7. Comparison of Data and Theoretical Curves

[69] There are several significant differences between real Earth faults and a laboratory HVRF experiment. In particular, HVRF experiments have lower normal stress, smaller size, cylindrical geometry and heat loss through radiation, features not found in real Earth faults. These differences should be carefully taken into account when extrapolating laboratory data to real faults. This also suggests that slightly different models should be used to describe either natural faults or experimental faults. In a sense, the physics of frictional melting in the laboratory experiments is more complex than that one may expect on natural faults, because additional factors participate in the problem due to finite size and cylindrical geometry in HVRF.

[70] As a consequence, the fit of HVRF experimental data based on a theoretical model should include, ideally, nontrivial effects due to effects of radiated heat, sample geometry, finite size and velocity variations across the radius of the sample. A complete mathematical description can only be attempted with numerical simulation tools, a task that we leave for future studies. In our present approach, we rather adopt the analytical model developed in sections 25, arguing that it can be extended simply but efficiently, to include the gross features of the experimental conditions. The essential divergence can be summed up in two points: the cross-radius variability in the rotary experiments and the heat loss through radiation at the border of the samples.

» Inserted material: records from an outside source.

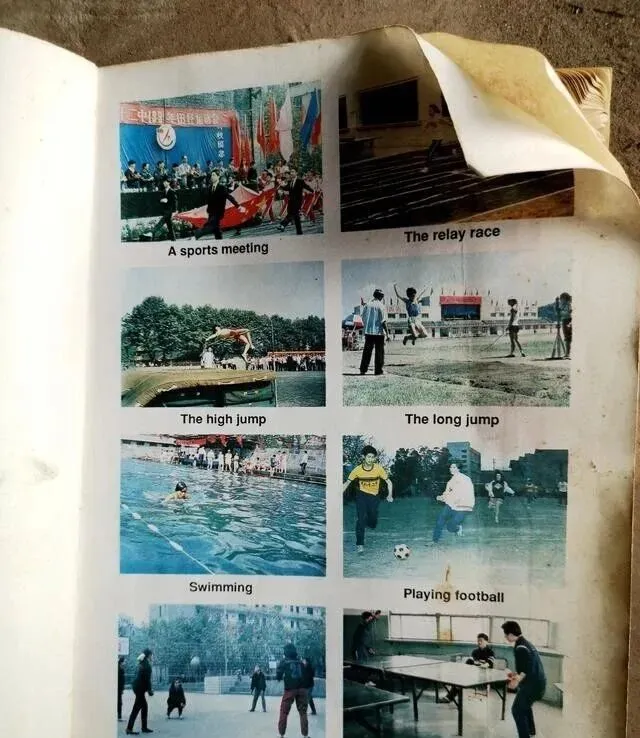 最后一张老照片,体育课什么赛跑跳远游泳全带英文字母,学生在操场上排着队,老师吹着口哨自己拿英语单词默写表,看得人热血起来,放学路上背一嘴"high jump"、"long jump",兄弟几个挤着笑,说以后无论干啥,不会忘了这本烂熟的老书。
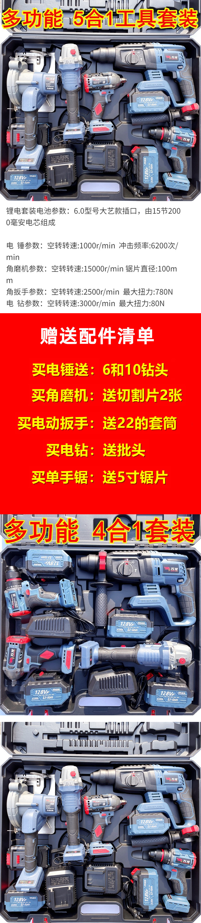 • 5종 세트] 원형톱 + 전동 해머 + 그라인더 + 전동 렌치 + 소형 강철 대포 4 전동
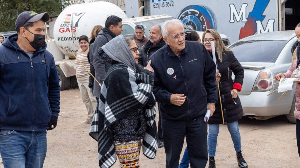 Cd. Cuauhtémoc, Chih.- El presidente municipal Beto Pérez y el director regional del Gobierno de México, Óscar Leos, encabezaron los banderazos de arranque a dos pavimentaciones que tendrán una inversión de poco más de 4 millones de pesos.
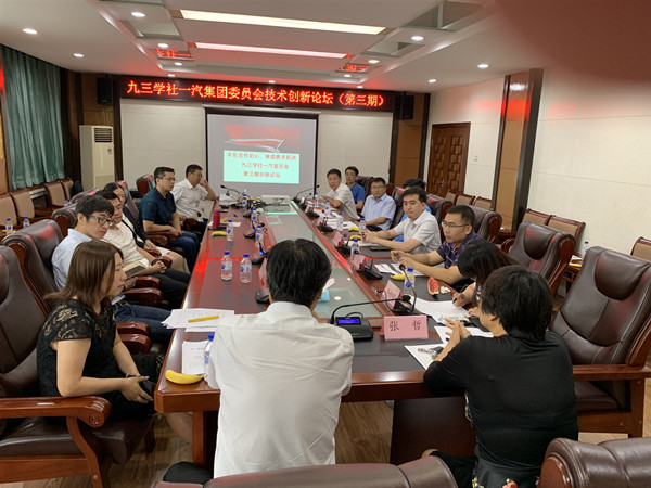 九三学社一汽集团委员会响应社市委深入开展“不忘合作初心,继续携手前进”主题教育活动的要求,弘扬爱国、民主、科学的优良传统,紧跟国家创新要求,开阔眼界、打开思路、积累知识、共享资源,结合广大社员的本岗位和自身实际情况,于2019年8月9日在社市委2楼会议厅举办了第三期“九三学社一汽委员会创新论坛”。社市委专职副主委李铭出席论坛。
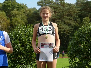 Karla schaffte es, die bis dahin Führende mit 7,35 m von Platz 1 zu "stoßen" und freute sich anschließend bei der Siegerehrung über eine Goldmedaille.
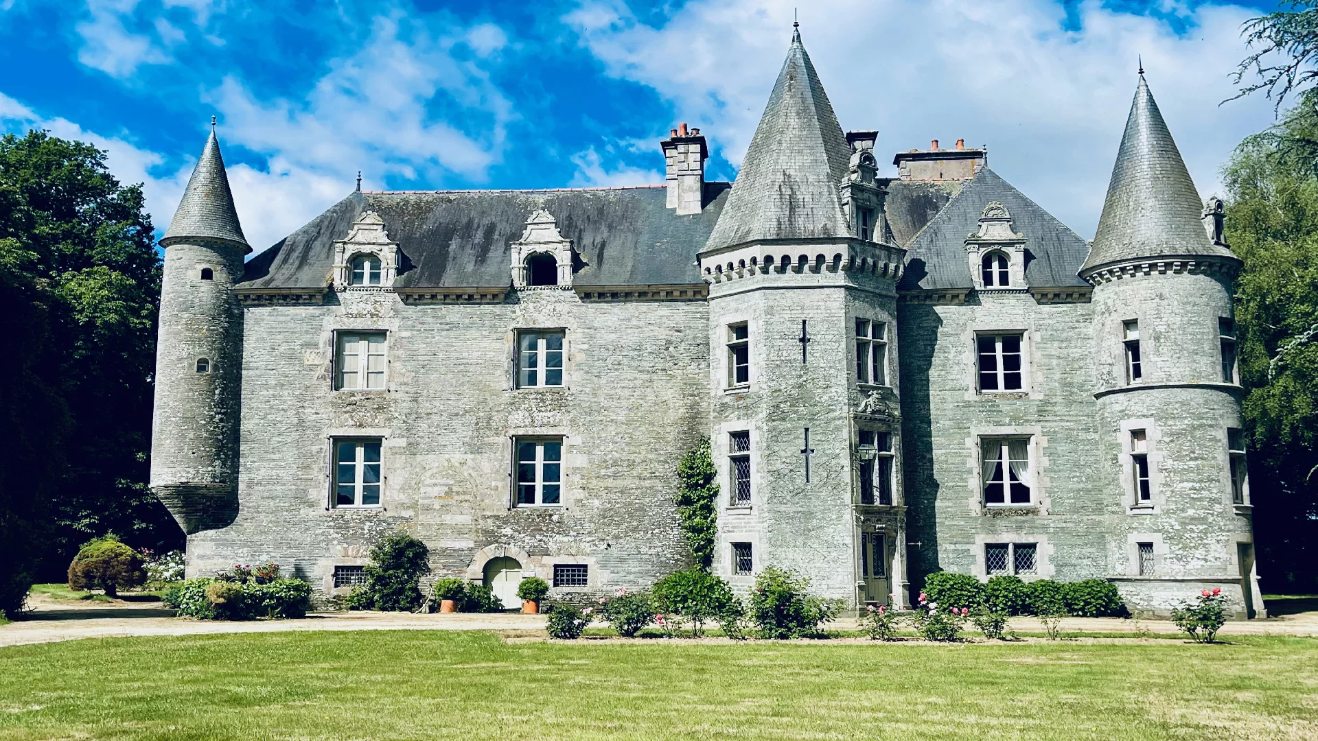 Construit en schiste, granit et pierre de taille, l’édifice s’élève sur trois niveaux et comprend 17 pièces, dont 12 chambres. Son architecture raffinée, marquée par un escalier en fer à cheval, reflète une harmonie entre les styles de ses époques de construction et de rénovation. Une tour en pierre, datant également du XVIe siècle, lui fait face et renforce le caractère historique de l’ensemble.
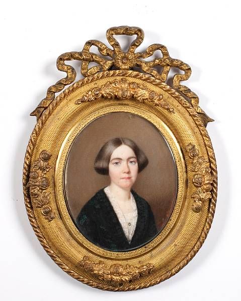 | A Lady, wearing black dress with white lace trim and slip, onyx cameo at her corsage, her brown hair parted | |
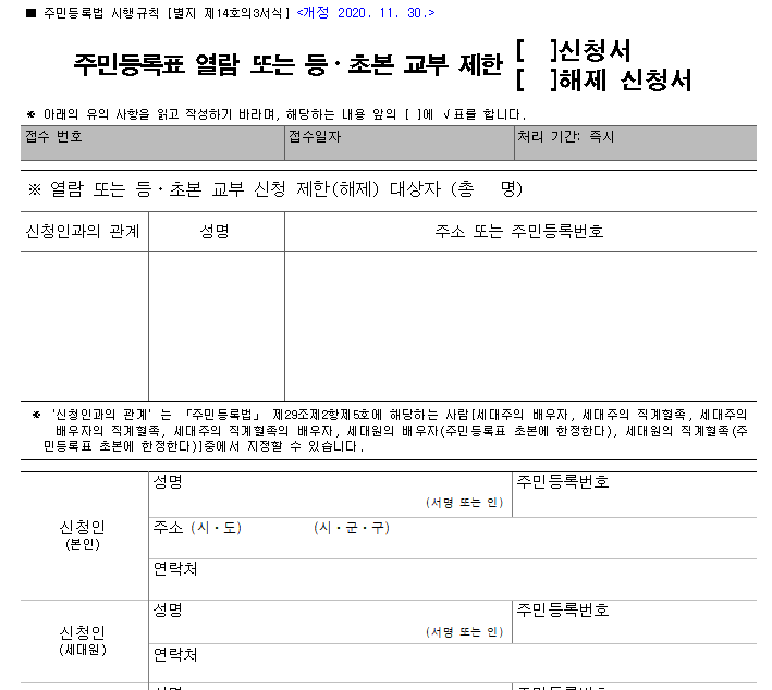 > 주민등록표 열람 제한 신청서 다운로드

[71] The radial variations across the rotating sample, may be accounted for by using effective values that correspond to a balanced mean across the radius. This approach was proposed by Shimamoto and Tsutsumi [1994] and Hirose and Shimamoto [2005a] in order to quantify the average friction and slip rate across annular or cylindrical samples. It can be shown that the averaging approach is correct provided that the variable has a linear dependence with radius (Appendix C). In other cases the average is less accurate, but the error introduced is usually not large, since the dominant area is always represented by the peripheral annuli of the sample, while the central region of the sample is not representative. As shown in Appendix C, for the case of frictional melt at the steady state, a constitutive relation predicted by (57) yields identical behavior for averaged and actual values, except for a small constant factor. In addition, experiments performed with hollow samples (annular shape) where minimum and maximum radii are similar, show no fundamental difference with those performed on full cylinders [see Di Toro et al., 2006a, supplementary material]. These observations are comforting and confirm that the use of radial average is reasonable and meaningful in frictional melt problems.

7.1. Effect of Radiation Loss

[72] The radiation effect has a clear signature in the experimental data, it can be quantified and added to the heat balance. Indeed if we plot the shortening rate versus heat rate τssV, we expect a linear dependence that goes through the origin as a consequence of balance (10), in the absence of radiation or additional heat losses. The experimental data appear to be aligned indeed (Figure 6), but an overall offset indicates that an additional heat sink is present.

Figure 6.

Theoretical shortening rate 2 × ν versus heat flow rate (solid curve) and experimental data from gabbro samples under various loads and velocities (triangles). Theoretical solid curve includes effect of radiation according to equation (60), while the solution with negligible radiation is plotted for reference as a dashed curve. In the presence of radiation, no steady state solution is possible below ∼0.05 mm s−1 (the isolated, lowermost cluster of data points probably corresponds to a situation of unsteady melt where shortening is mostly due to abrasion). See text for further details.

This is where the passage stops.